Doing that, though, risks leaving a few bucks on the table. Operating individually, owners have the chance to pocket more money in fees, but they do so by forcing services to ante up for a product filled much of the year with dead air.

The same can be said of regional channel the Pac-12 Network, which includes coverage of UCLA, USC, Oregon and Stanford games. It’s no slight to state that interest in college athletics beyond the major revenue-generating sports — football and men’s basketball — is limited, but these networks don’t rebate license fees during the spring or summer.

Admittedly, multichannel video program distributors don’t engender much sympathy, and networks can always argue that those companies can shoulder some of the expense out of their profits. Yet it’s not being Chicken Little to acknowledge looming cord-cutting pressures if bills continue to skyrocket, as they inevitably will if sports rights don’t achieve a level of sobriety relatively soon.

Notably, Comcast will find itself presiding over these Time Warner Cable channels should the companies’ merger be approved, and officials have conceded they’re not thrilled about inheriting some of that baggage.
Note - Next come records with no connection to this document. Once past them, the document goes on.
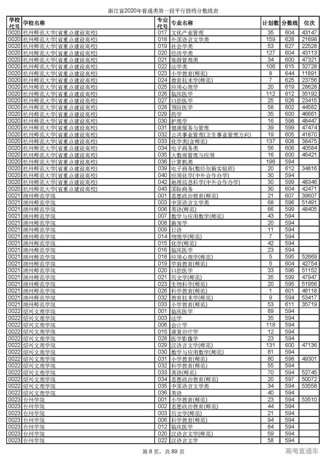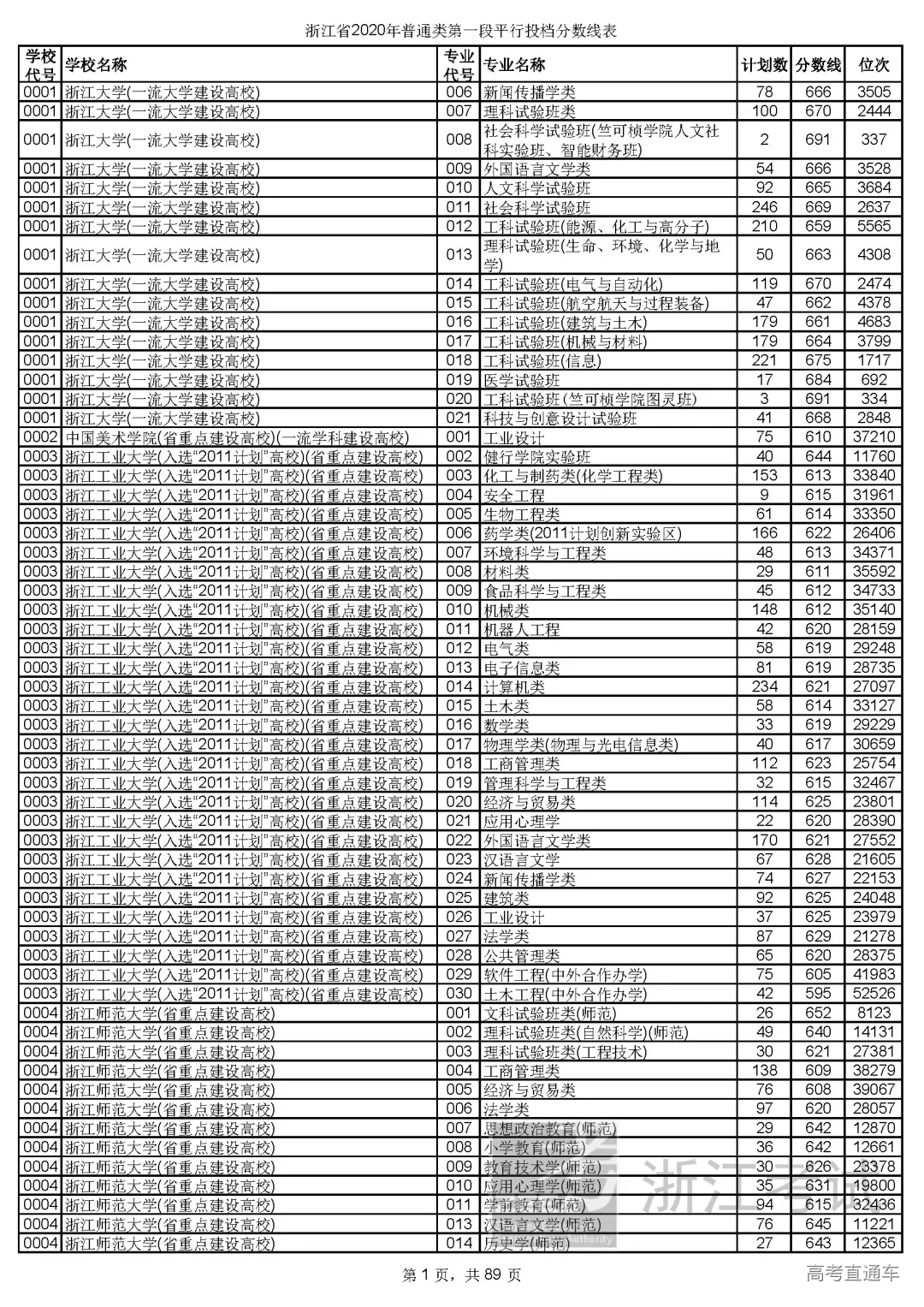 2020年我省高考普通类一段,艺术类第二批一段、体育类一段平行志愿今天上午8:30投档,在浙招生各高校的专业投档分数线随后出炉!按照今年高考招生录取进程,预计相关考生可于8月21日晚,通过浙江省教育考试院网站(www.zjzs.net)、“浙江考试”微信公众号或“浙里办”APP,查询自己在本轮投档后的录取状态。
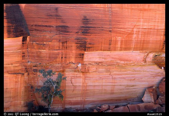 Rock wall striated with desert varnish in Kings Canyon, Watarrka National Park. Northern Territories, Australia
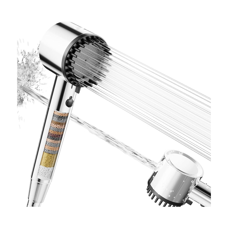 Cobbe Duschkopf mit Filter, Hochdruck Handbrause mit Filtration in 20 Schichten, 5 Strahlarten Duschbrause mit 1,5M Schlauch, Sparduschkopf Wassersparend für Hartes Wasser,Rest-Chlor,Bakterien(Chrom)
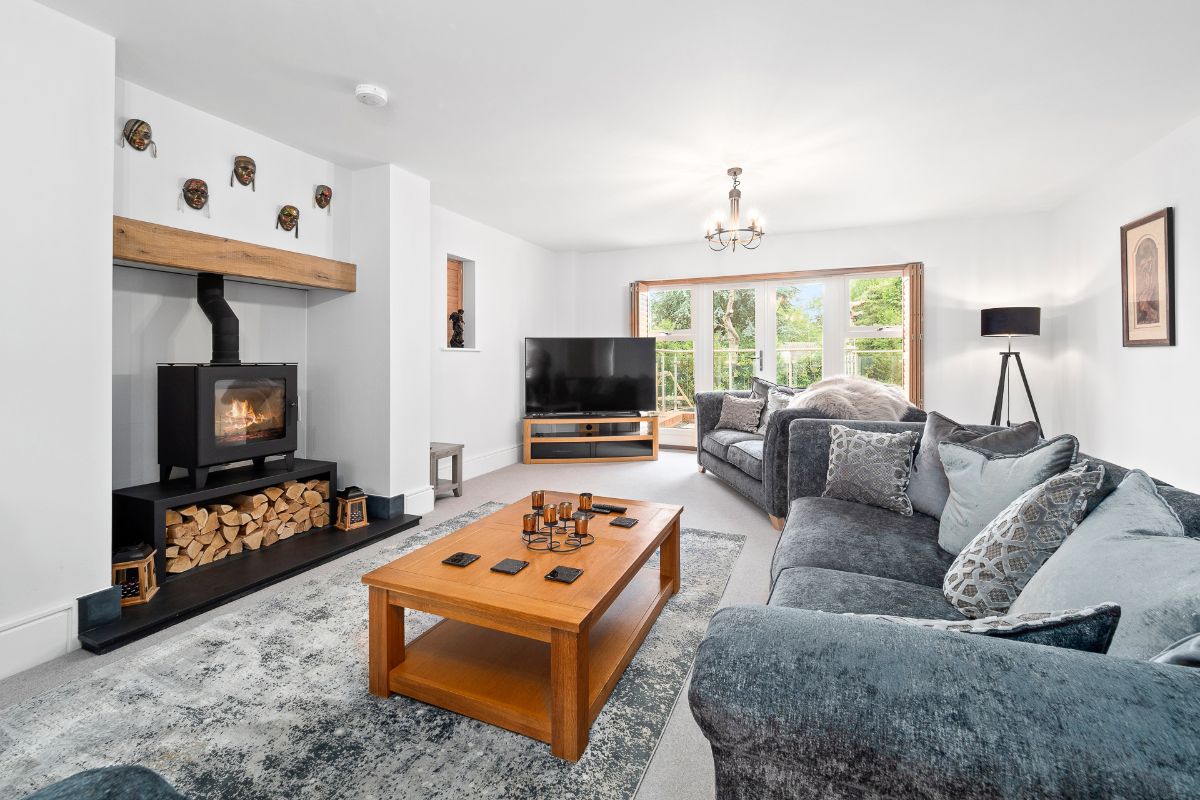 Doors to rear garden. Feature fireplace with flue, solid oak mantle, granite hearth and log burner with log box.
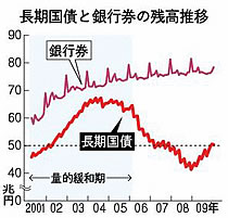 このグラフに見られるように、日本銀行は、日銀の発行するお金の量以下に長期国債の引き受け残高を絞っている。これを日銀発行権ルールというらしいが、このルールが守られる限り、量的金融緩和も十分な機能果たさないだろう。というのも、日銀券つまりは通貨供給は実体経済へ回って、市中の様々な企業、さまざまな生き方をしている家計に使われるようになって意義をもつものであるからである。
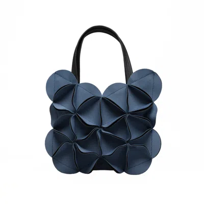 Women's Blossom Rectangle Wallet Bag Blue With Dark Bamboo Handle
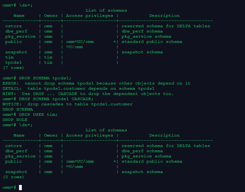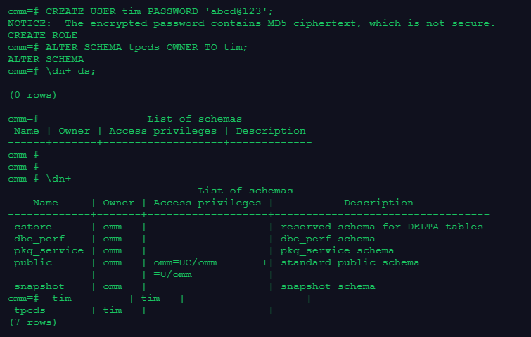 2.创建一个用户tim, 并将tpcds的owner修改为tim,且修改owner前后分别使用\dn+查看模式信息
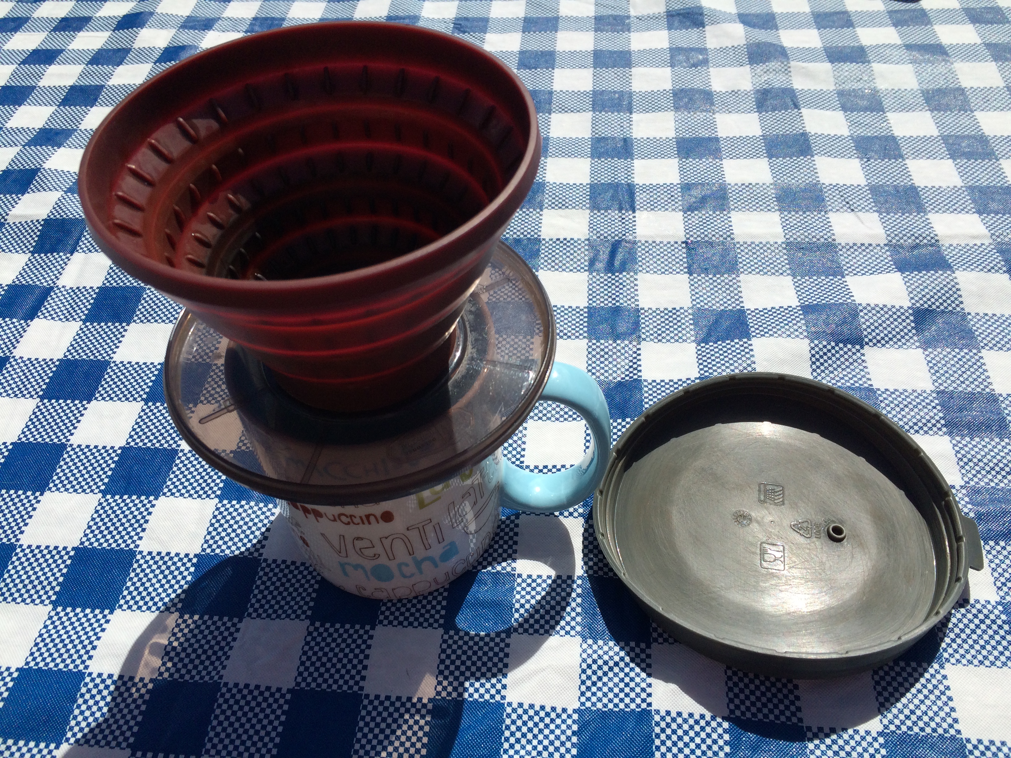 **This is my number ONE kitchen item that I can’t live without! A coffee maker! It’s simply a silicone cone on a plastic base. I put a #4 coffee filter inside, along with two measures of coffee, and set it on top of my mug. Pour in recently boiled water and in a few minutes…walla! Coffee! Actually I use about 1/2 soy milk to 1/2 coffee, so first I have the milk heated and in the cup.

Still, if the company wants to be seen as a true industry leader — beyond the generally empty “Please approve our deal” public-service pledges — it could burnish those credentials and truly benefit consumers by using its formidable clout to help rein in a sports landscape gone mad.

Because right now, the sporting world’s business sluggers are acting like they’re pretty near invincible — seemingly oblivious to odds that say by swinging wildly for the fences, eventually, you increase your chances of striking out.